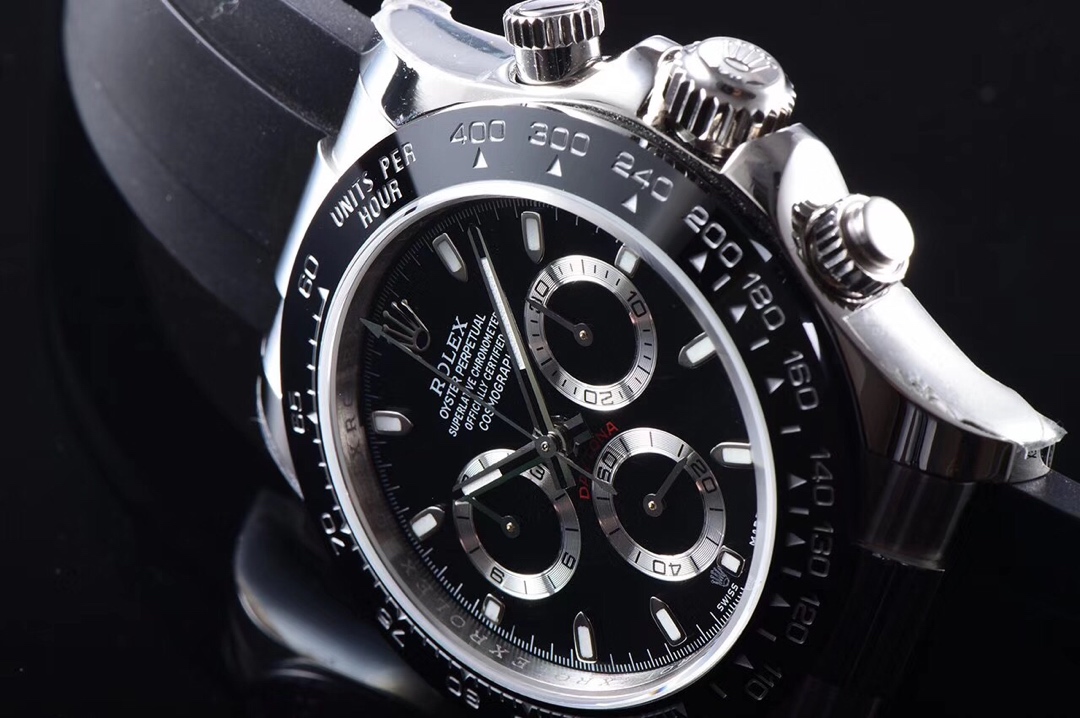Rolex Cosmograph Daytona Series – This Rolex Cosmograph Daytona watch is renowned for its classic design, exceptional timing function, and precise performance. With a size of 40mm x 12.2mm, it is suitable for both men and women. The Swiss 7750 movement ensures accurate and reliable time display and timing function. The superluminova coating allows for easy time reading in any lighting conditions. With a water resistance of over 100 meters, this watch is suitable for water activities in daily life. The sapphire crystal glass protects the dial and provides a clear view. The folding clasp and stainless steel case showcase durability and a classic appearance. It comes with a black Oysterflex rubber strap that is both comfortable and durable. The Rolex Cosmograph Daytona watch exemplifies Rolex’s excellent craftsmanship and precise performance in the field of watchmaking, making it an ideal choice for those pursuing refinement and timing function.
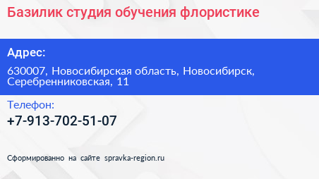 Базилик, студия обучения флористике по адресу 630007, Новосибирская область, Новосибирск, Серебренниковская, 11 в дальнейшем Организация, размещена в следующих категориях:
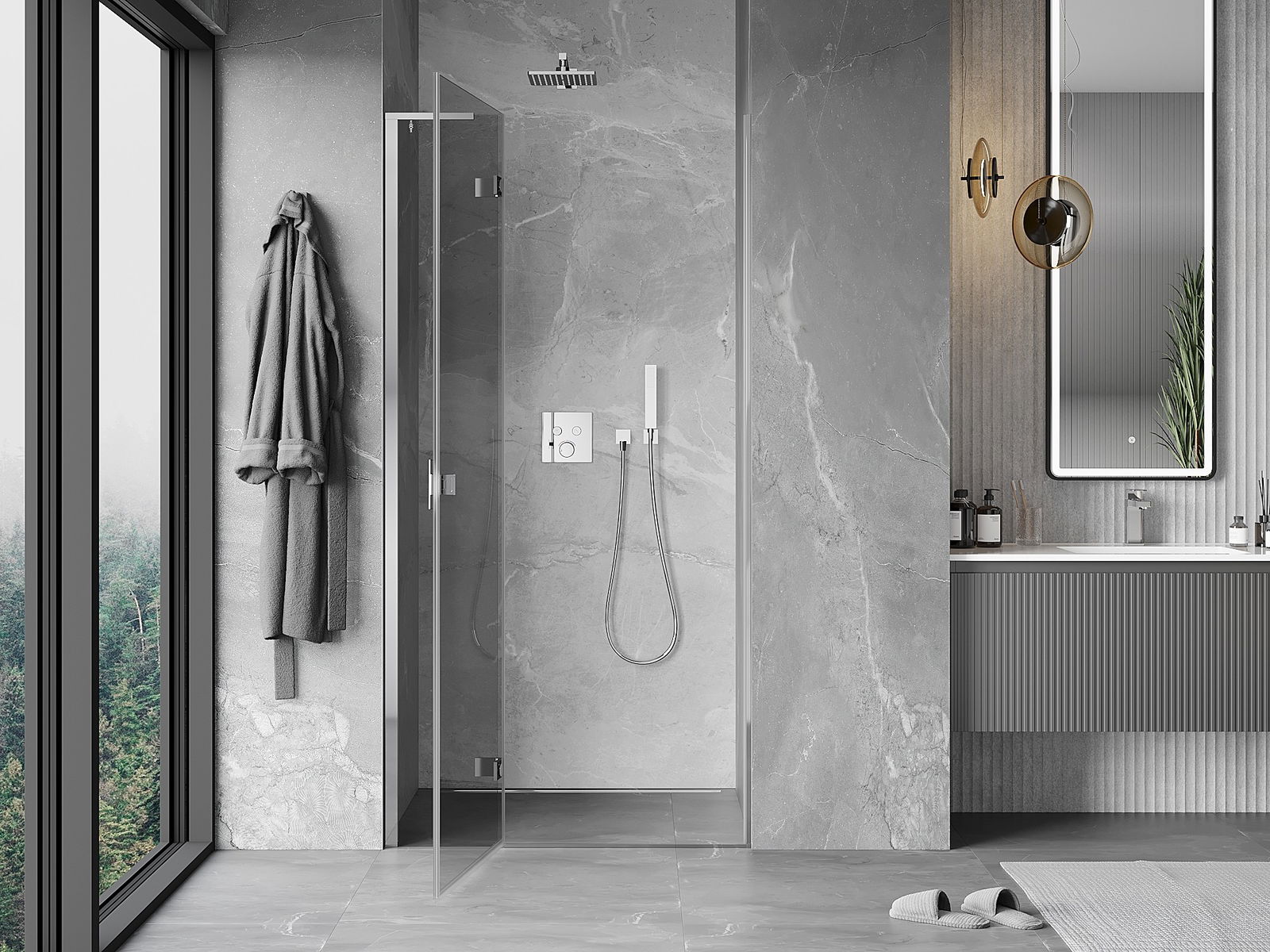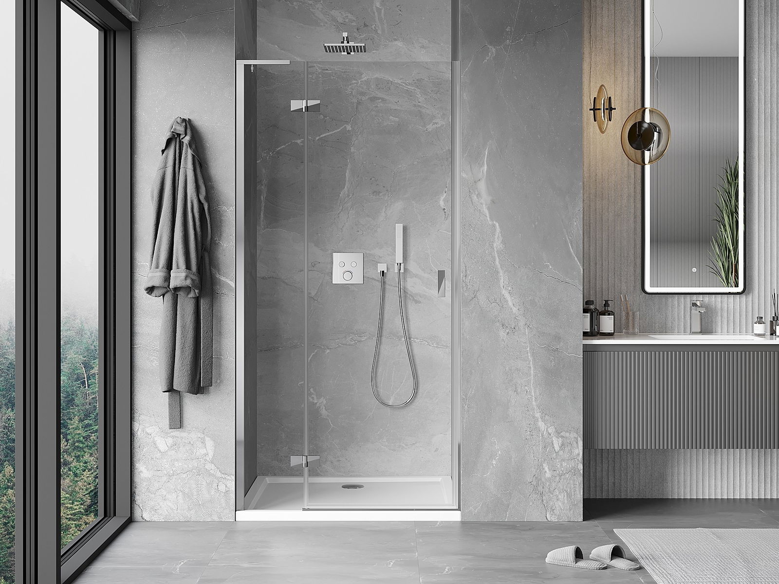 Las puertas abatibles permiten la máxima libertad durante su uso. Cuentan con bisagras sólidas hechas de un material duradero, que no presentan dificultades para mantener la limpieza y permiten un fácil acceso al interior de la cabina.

...

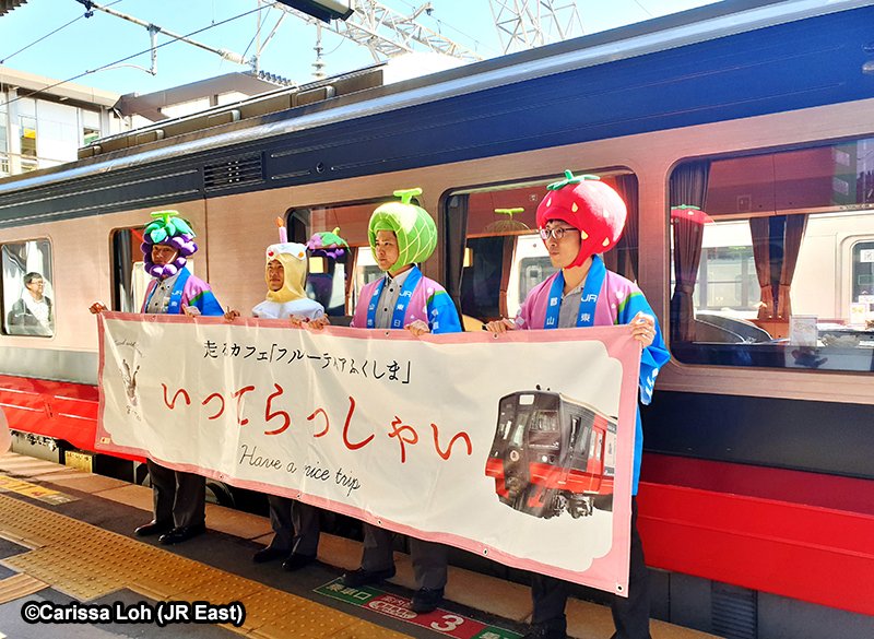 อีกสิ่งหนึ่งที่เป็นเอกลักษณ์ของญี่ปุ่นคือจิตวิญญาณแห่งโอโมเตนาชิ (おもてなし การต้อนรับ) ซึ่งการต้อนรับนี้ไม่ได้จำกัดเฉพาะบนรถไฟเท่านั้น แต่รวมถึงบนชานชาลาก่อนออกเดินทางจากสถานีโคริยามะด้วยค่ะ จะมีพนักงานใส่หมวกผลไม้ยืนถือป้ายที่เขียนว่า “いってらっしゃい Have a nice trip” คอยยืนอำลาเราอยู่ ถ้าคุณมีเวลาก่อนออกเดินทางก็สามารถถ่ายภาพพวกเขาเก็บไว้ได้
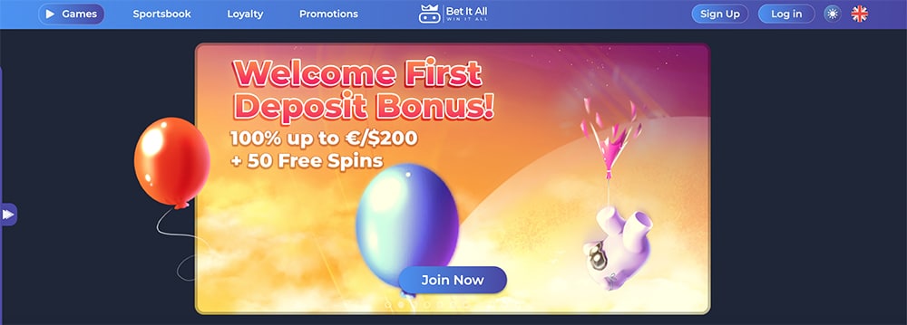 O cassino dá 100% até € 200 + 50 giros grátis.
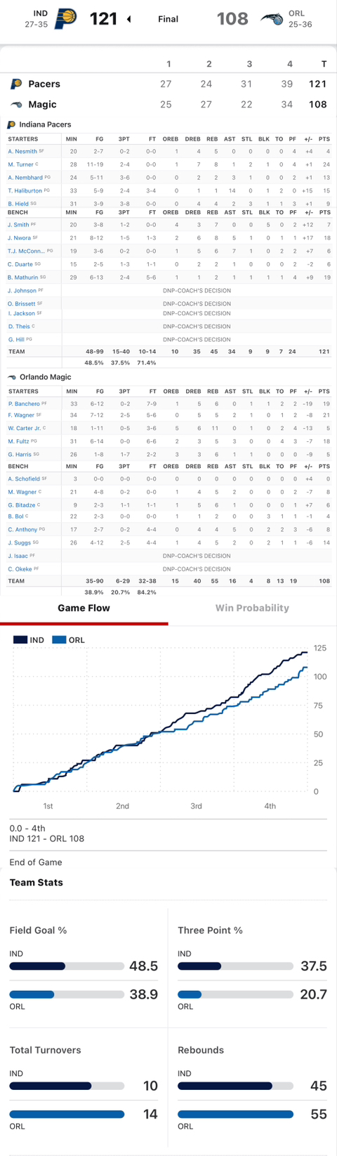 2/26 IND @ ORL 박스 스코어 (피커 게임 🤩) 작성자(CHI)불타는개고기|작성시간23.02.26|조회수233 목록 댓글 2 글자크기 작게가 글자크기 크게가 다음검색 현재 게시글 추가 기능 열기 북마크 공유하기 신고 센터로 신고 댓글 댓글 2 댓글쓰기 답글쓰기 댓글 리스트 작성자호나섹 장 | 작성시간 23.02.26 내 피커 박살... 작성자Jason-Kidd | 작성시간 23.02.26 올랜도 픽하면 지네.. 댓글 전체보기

---

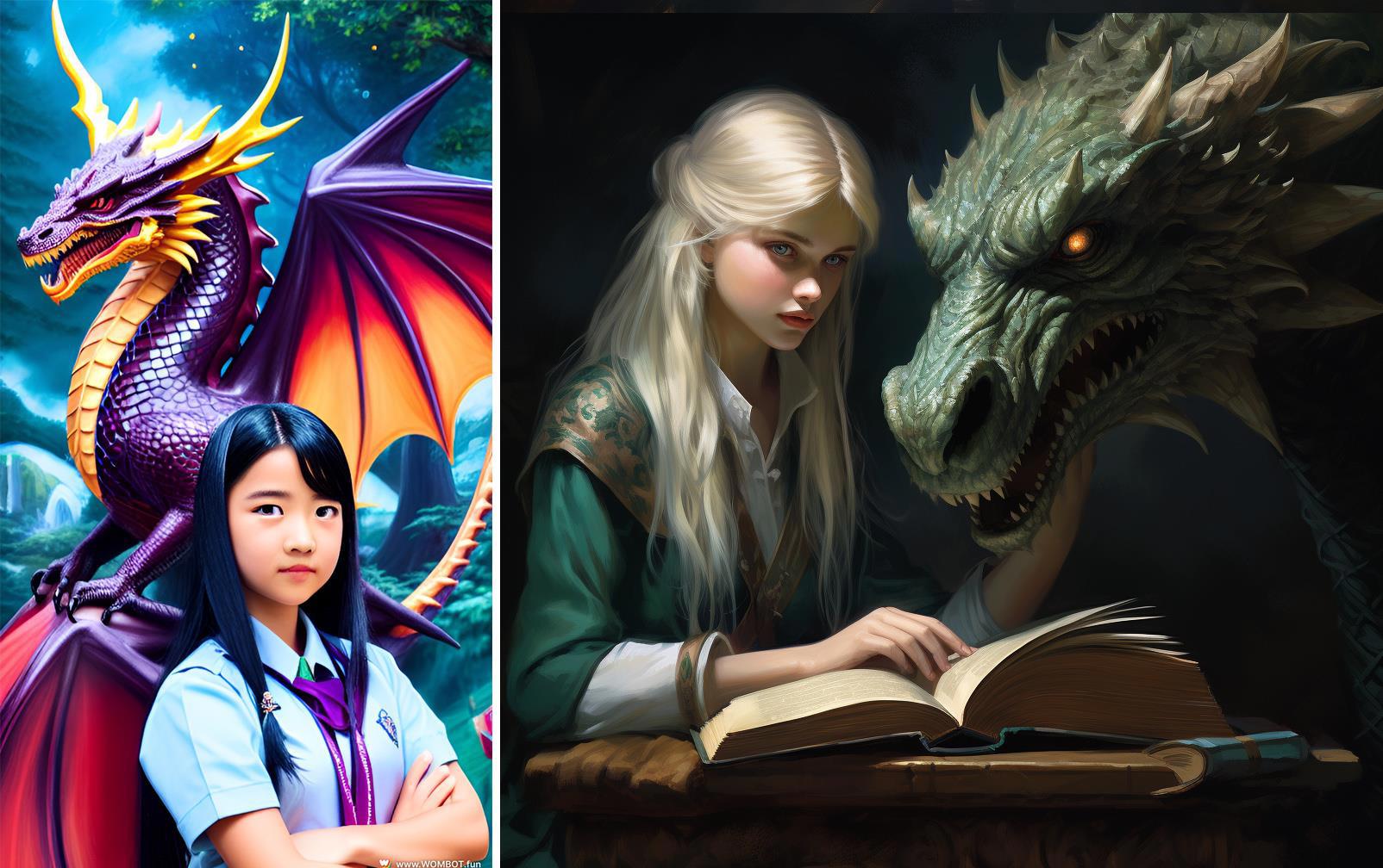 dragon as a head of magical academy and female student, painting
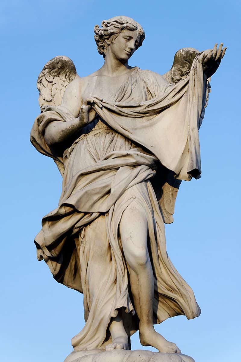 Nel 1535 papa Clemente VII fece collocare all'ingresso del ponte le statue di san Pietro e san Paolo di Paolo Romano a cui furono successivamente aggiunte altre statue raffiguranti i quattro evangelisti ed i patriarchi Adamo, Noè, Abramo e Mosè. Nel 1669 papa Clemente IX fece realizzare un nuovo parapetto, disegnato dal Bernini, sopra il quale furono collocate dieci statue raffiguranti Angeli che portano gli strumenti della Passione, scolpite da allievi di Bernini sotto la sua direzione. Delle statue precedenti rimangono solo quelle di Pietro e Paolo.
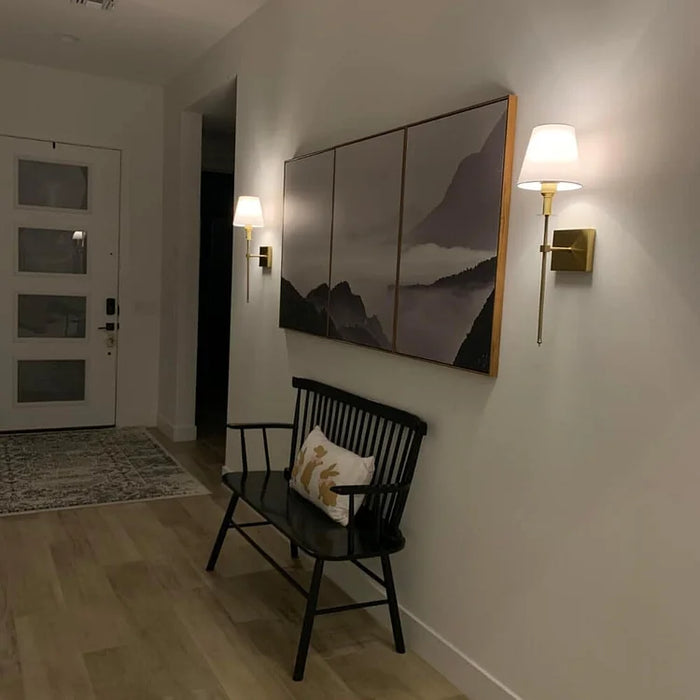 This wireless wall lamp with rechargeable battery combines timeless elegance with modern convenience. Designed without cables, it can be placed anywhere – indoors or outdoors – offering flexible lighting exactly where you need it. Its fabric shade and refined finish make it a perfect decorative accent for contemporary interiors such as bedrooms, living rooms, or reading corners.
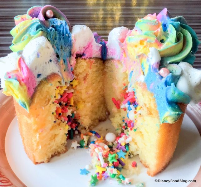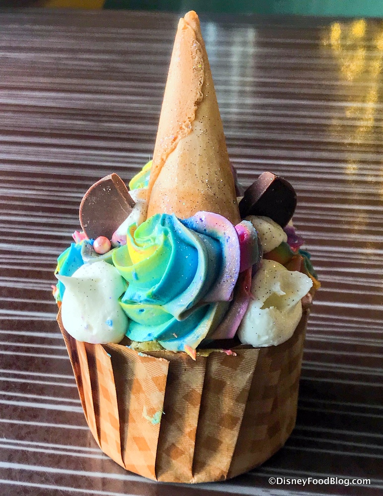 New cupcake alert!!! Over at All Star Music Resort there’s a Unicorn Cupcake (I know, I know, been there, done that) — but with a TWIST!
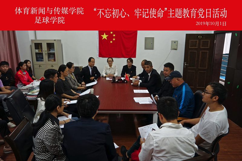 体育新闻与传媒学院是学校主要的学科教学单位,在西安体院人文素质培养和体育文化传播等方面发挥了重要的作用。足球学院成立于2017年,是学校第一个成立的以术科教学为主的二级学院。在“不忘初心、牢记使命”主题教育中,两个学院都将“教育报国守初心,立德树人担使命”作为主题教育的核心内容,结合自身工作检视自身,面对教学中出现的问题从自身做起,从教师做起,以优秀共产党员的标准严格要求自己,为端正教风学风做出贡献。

• _TRY IT_: When you reach the line that has "This wireless wall" in the data above, start repeating lines exactly, and stop after the line that has "New cupcake alert!!!"; pictures stay out.

• _RESPONSE TO THIS TASK_:
 This wireless wall lamp with rechargeable battery combines timeless elegance with modern convenience. Designed without cables, it can be placed anywhere – indoors or outdoors – offering flexible lighting exactly where you need it. Its fabric shade and refined finish make it a perfect decorative accent for contemporary interiors such as bedrooms, living rooms, or reading corners.
 New cupcake alert!!! Over at All Star Music Resort there’s a Unicorn Cupcake (I know, I know, been there, done that) — but with a TWIST!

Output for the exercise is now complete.